Les manipulations de la colonne cervicale représentent un facteur de risque
indépendant des autres facteurs de risque de la dissection de l'artère vertébrale.12
Du fait que la manipulation du rachis peut comporter un risque de dissection
vertébrale, on déconseille vivement cette forme de traitement.11-13
Céphalées aiguës après entorse cervicale
Elles sont causées par une entorse cervicale, avec étirement des structures
musculo-ligamentaires, lors d'une accélération puis décélération brusque de la
tête par rapport au tronc (whiplash syndrom ou «coup du lapin»). Une étude14
portant sur 136 patients, d'âge inférieur à 55 ans, interrogés en moyenne 7,2
jours après entorse cervicale sans lésion de la colonne cervicale et sans
traumatisme crânien, a indiqué que 98 d'entre eux (71,5%) souffraient de
céphalées. Cette céphalée était présente au cours de la première heure après
l'accident chez 45 patients (45,9%). Chez 28 patients (28,6%) la céphalée était
survenue entre 1 heure et 24 heures après l'accident et, chez 25 patients (25,5%),
après 24 heures.
Cent vingt-sept patients (94,2%) présentaient des cervicalgies, 67 (48,9%)
présentaient des douleurs aux épaules, 51 (37,2%) souffraient de lombalgies.
Quarante-huit (35%) signalaient des symptômes d'ordre neurologique. Cent dixneuf (86,8%) présentaient des symptômes multiples.
Les auteurs de ce travail ont retenu trois mécanismes principaux comme
responsables des symptômes douloureux, voire des discrets déficits
neurologiques :
* Le type d'accident. Lors d'une collision postérieure ou lors d'une collision
postérieure suivie par une deuxième collision frontale, les céphalées survenaient
avec une latence plus courte que lors d'impacts exclusivement frontaux ou
latéraux.
* L'état de préparation à l'accident. Il joue un rôle prépondérant et significatif
sur la survenue et l'intensité des céphalées et des autres symptômes. Les patients
surpris par le choc réagissent moins bien et présentent des séquelles plus
importantes que les autres. En revanche, le conducteur de la voiture peut en
général mieux se préparer au choc imminent de la collision en se tenant au
volant.
* La position de la tête. Une position en rotation, en position inclinée ou en
position à la fois en rotation et inclinée, est un facteur défavorable : il accentue
la céphalée, les cervicalgies et l'ensemble des autres symptômes.
Céphalées chroniques après entorse cervicale
La plupart des études rétrospectives ont montré que 15 à 25% des accidentés se
plaignent de céphalées chroniques après un délai de 6 à 24 mois.

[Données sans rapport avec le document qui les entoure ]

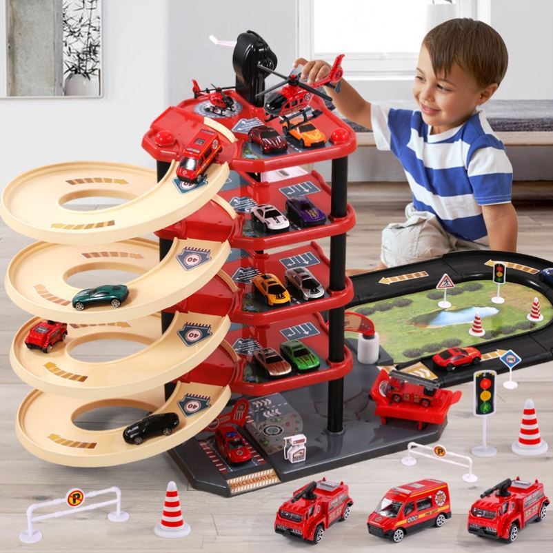 (police section) 5-level track parking lot 4 vehicles (fire section) 5 floors track parking lot 4 cars (police section) 5-floor track parking lot 10 (fire section) 5-layer track stop

Les céphalées chroniques ont souvent été étudiées du fait de leur importance
médicale et assécurologique.
Dans une étude portant sur 63 patients15 (38 femmes, âge moyen 38 ans et 25
hommes âge moyen 45 ans), réévalués en moyenne 56 mois plus tard, 47
patients se plaignaient de céphalées toujours associées aux cervicalgies, tandis
que 16 patients présentaient uniquement des cervicalgies. Des 47 patients avec
céphalée, 35 souffraient de céphalées de type tensionnel, 7 d'une migraine et 5
d'une céphalée avec les critères d'une céphalée d'origine cervicale. Il s'agissait de
céphalées de novo, vu qu'un seul patient affirmait avoir souffert de migraine
avant l'accident.
Dans une autre étude,16 112 patients (âge moyen 39 ans, dont 59% de femmes),
ont été réexaminés en moyenne deux ans et cinq mois après l'accident en
question. Quarante-deux patients (37%) présentaient une céphalée de type
tensionnel, 30 (27%) une migraine, 20 (18%) une céphalée de type cervicogène
et 20 (18%) une céphalée non classable. Cent quatre de ces 112 patients (93%)
souffraient en même temps de cervicalgies.
Plusieurs travaux récents portant sur les plaintes qui caractérisent le syndrome
chronique associé à l'entorse cervicale17-21 ont tenté de déterminer quels étaient
les facteurs présents immédiatement après une entorse cervicale simple qui
favorisaient leur persistance et le passage à la chronicité.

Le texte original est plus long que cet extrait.